Our son Matt, his partner Sim, along with Little Dog, have all gone home the previous night. Without Matt to challenge us with one of his hikes, we decide therefore that we’ll go for an easier walk than the two he’s led us on.  But finding an easy walk in the Ruahines isn’t as easy as it seems.  Our first attempt – to do the Pohangina River walk – failed, when we arrived to find that it not only involved a large amount of boulder hopping (not fair on the two dogs after such an energetic trip) but also repeated stream crossings. Our second attempt – to do the Deerford Track loop from the southern entrance point on Umutoi Road, fared no better.  The DOC booklet is no doubt right when it states that there is 'legal access' from this point, but try telling that to the rancorous, paranoid and plain unfriendly farmer who claims to own the road thereabouts.  (I’d encourage you to head that way, and demand your rights, if only to wind him up – but don’t expect to get his approval.)

Luckily plan C – Deerford Track from the northern entrance – brings belated success. We park in the small car park at the end of Limestone Road, and head off on what’s billed as a 3 hour loop walk. 

Once we’ve persuaded Mozzy to push through the fence, and Midge (for whom such things are filled with far too much danger) to allow us to lift him over the style, the walk starts with a five minute stroll, with dogs on leads, across a grassy paddock.  At the next stile, both dogs co-operate a little more and jump over, after which it’s another five minutes down a bushy track to the river.  The path on the other side isn’t obvious, and we make the mistake of taking a slightly angled route across the boulders, which leaves us with a scramble up the slope to join the track near to the forest park sign.  But from there, it’s just a quick zig and a zag upslope, on a narrow and wet path, until we reach the bush proper, and step out onto the leafy-softness of the beech forest. 

For the next ten minutes or so, this pleasant, more-or-less flat path, weaves its way through the beech forest, past numbered sign posts that – had we downloaded the information leaflet from the web – would have indicated what trees and bushes we were looking at, and perhaps something about the ecological history of the area.  As it is, we stab a few guesses and wander on until we reach the junction and decision time: left and clockwise round the loop or right and anti-clockwise. The map in the car park indicated that the leftward route offers the gentler ascent (yes, there’s a hill to climb), but at the cost of course of a steeper decent later.  We think about it briefly, then go left, and after a few minutes walk out into a small sunny glade – just right, after our delayed start, for a languid lunch. 
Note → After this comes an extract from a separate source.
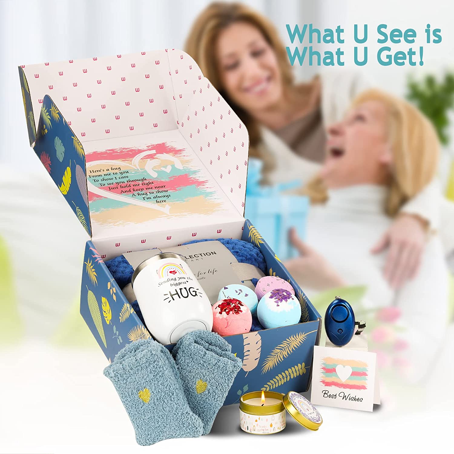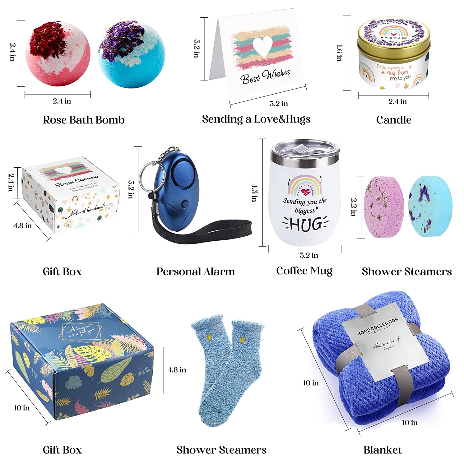 - SEND A GET WELL PACKAGE: Here we will convey your mourning and concern, provide a thoughtful gift box, which includes 1*Blanket,1*12 oz Insulated Tumbler,1*Fuzzy socks,1*Personal Alarm, 1*lavender scented candles,1*all-natural handmade rose soaps,1*rose bath bomb,1 x Sending love & hug notes card,1*Shower Steamens sets.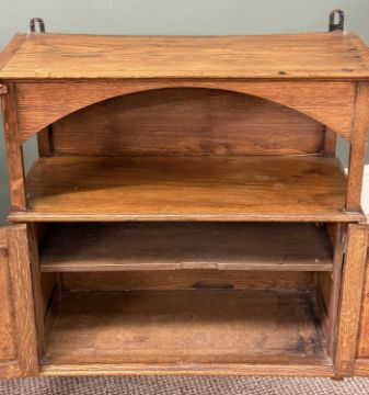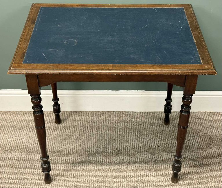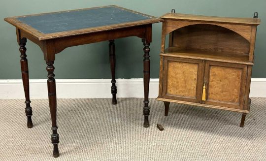 EDWARDIAN OAK TWO-DOOR WALL CUPBOARD, 75 (h) x 60 (w) x 26cms (d); and a mahogany centre table, rectangular top with inset writing surface, turned supports, 76 (h) x 82 (w) x 60cms (d)Provenance: private collection Conwy

After that, we get another five minutes or so of easy going, until the track suddenly turns right, and the ascent begins.  It takes perhaps half an hour to do it, and in truth it’s never really hard.  The path twists and turns at a steady gradient up the slope, without demanding that we scramble, yet steep enough to require an occasional pause to catch our breath.  We’re walking at first through a mix of tall mountain beech, soft tree fern and what we think is a form of horopito – an attractive tallish bush with a mixture of reddish-purple and green leaves.  As we ascend, however, the vegetation gradually changes: the beech become more stunted, the horopito (if that’s what it is) begins to dominate, the fern trees disappear.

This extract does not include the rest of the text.